In 1995, for the 50th anniversary to commemorate the bombing of Hiroshima and the end of World War II, Tom Anderson of Florida State University assisted Abe Toshifumi of Osaka Women’s College to develop the international children’s peace mural exchange (Anderson, 1997). The Kids’ Guernica is an international children’s art project where children from all over the world create peace murals on the same size canvas as Picasso’s Guernica mural (Kids Guernica and third paradise exhibition in Havana, Cuba, 2018). As stated by Anderson, “Since 1995, The Kids’ Guernica peace mural project has been an excellent example of art for life in a global context” (2009, p.233).  The first mural created was made in a parking lot of a warehouse gallery in the Railroad Square Art District in Tallahassee, FL with little financial sponsorship.

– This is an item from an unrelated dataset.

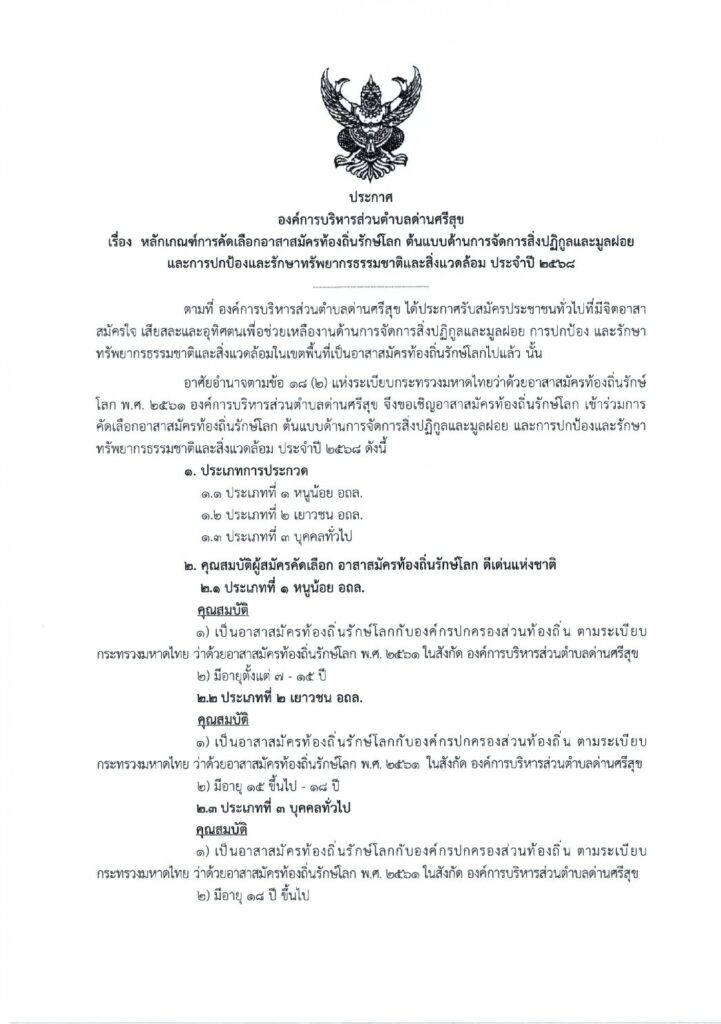 ประกาศ เรื่อง หลักเกณฑ์การคัดเลือกอาสาสมัครท้องถิ่นรักษ์โลก ต้นแบบด้านการจัดการสิ่งปฏิกูลและมูลฝอย และการปกป้องและรักษาทรัพยากรธรรมชาติและสิ่งแวดล้อม ประจำปี ๒๕๖๖๘

Anderson stated, “The children involved were so called “at-risk” kids from the inner city and children who were physically and emotionally challenged” (2009, p. 234). Since then, the project has consisted of workshops held in schools, museums and other settings where over 10,000 children of all ages and backgrounds participate in paintings to promote peace all over the world. There have been over 150 murals created and each are made locally specific so the culture and problems of that area are formed into the process of the murals. It is through these culture processes that we can learn about each other’s cultures and what we value. These understandings of culture that we can learn through art is how we can create peace.

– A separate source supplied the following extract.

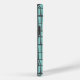 This phone case has a geometric design of tiles with rhombus shapes in light blue on a field of gray.

Artists promoting peace through murals

An example of murals being locally specific to the problems in an area is a mural project discussion called “Promoting Peace” by The Arts Empowerment Movement in 2016. The project goal was to address concerns in the community between the youth and police officers so the project members were with “at-risk” children and members of the Charlotte-Mecklenburg Police Department.  The purpose was for the police officers and youth to come together for healing and to rebuild trust. They learned that they all shared the same feelings about the sadness in their community. The founder of The Arts Empowerment Project, Natalie Frazier Allen, stated, “Rebuilding of trust, promoting peace and justice and finding healing in the community can be very complex and very challenging. However, through the universal language of art, officers and students are better able to express their feelings and be heard and understood” (Tyron street news racks to display the arts empowerment project’s “promoting peace” mural , 2017, para 6).

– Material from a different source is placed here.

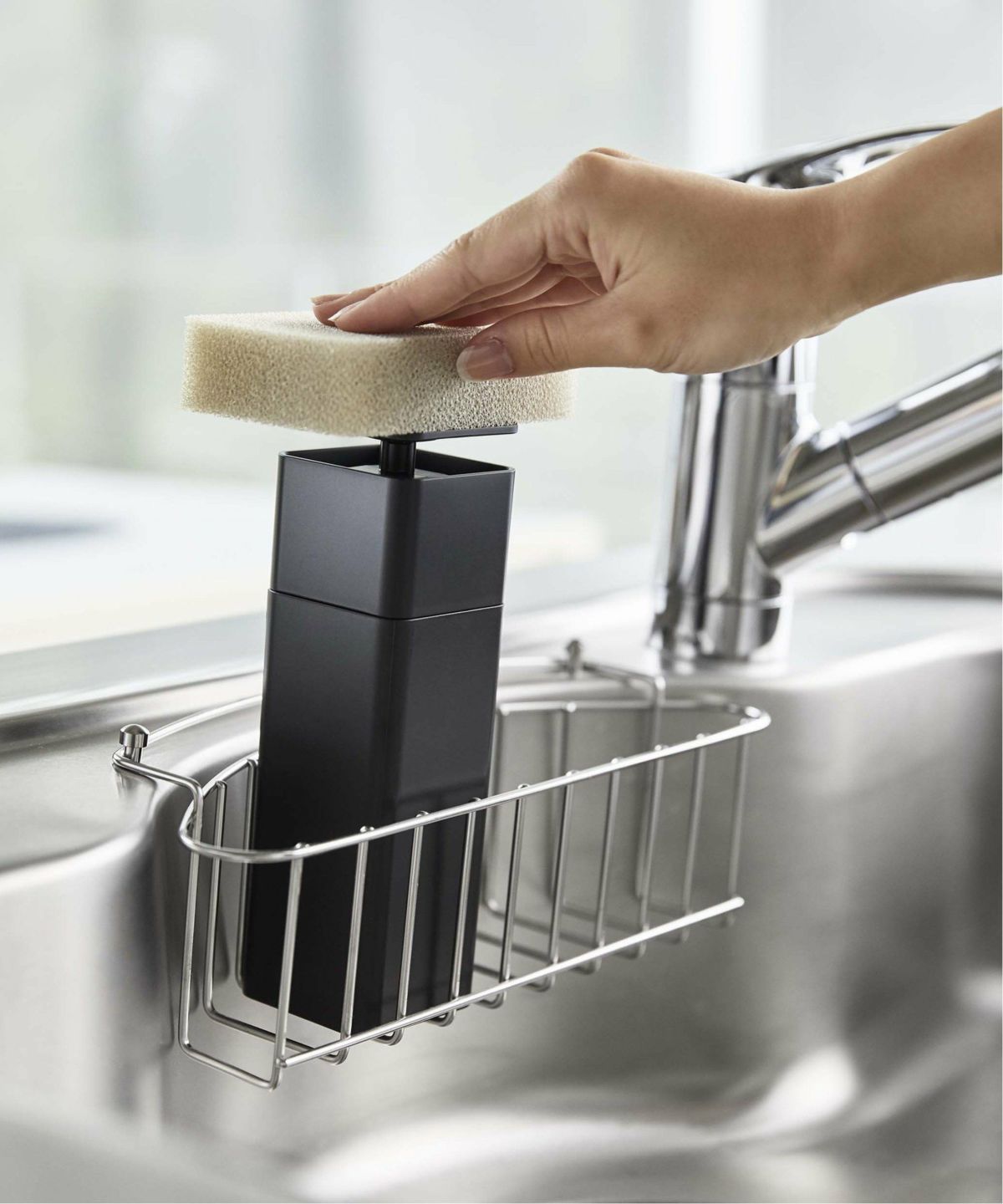 片手で簡単!スポンジに洗剤をつけられる

Reflection and Inspiration

I found it very informative to learn more about Picasso through researching his mural painting and the symbolism used from colors to images that depict the horrors suffered. It is amazing how a work of art could help end a war and that it continues to inspire people to this day that create their own peace murals to promote peace. Through art, such as peace murals created around the world, change really does happen. We continue to see it through the continued peace mural project exchanges with Kids’ Guernica on a global scale and through organizations such as The Arts Empowerment Project to address local issues within communities. I look forward to working with my students to promote peace and create our own peace mural that we can share locally. My idea is that in the future I can have each student create their own sections of a mural on canvas like the first mural project was done in Tallahassee, FL that we would then sew together to measure the same as Picasso's Guernica mural size. Thinking locally, a recent shooting took place where I live at a local yoga studio. It really shook up our community and it has been weighing heavily on my mind. After researching more about peace murals, I would love to gather students together to create a mural for the owners of the studio to help bring a sense of peace and healing to our community.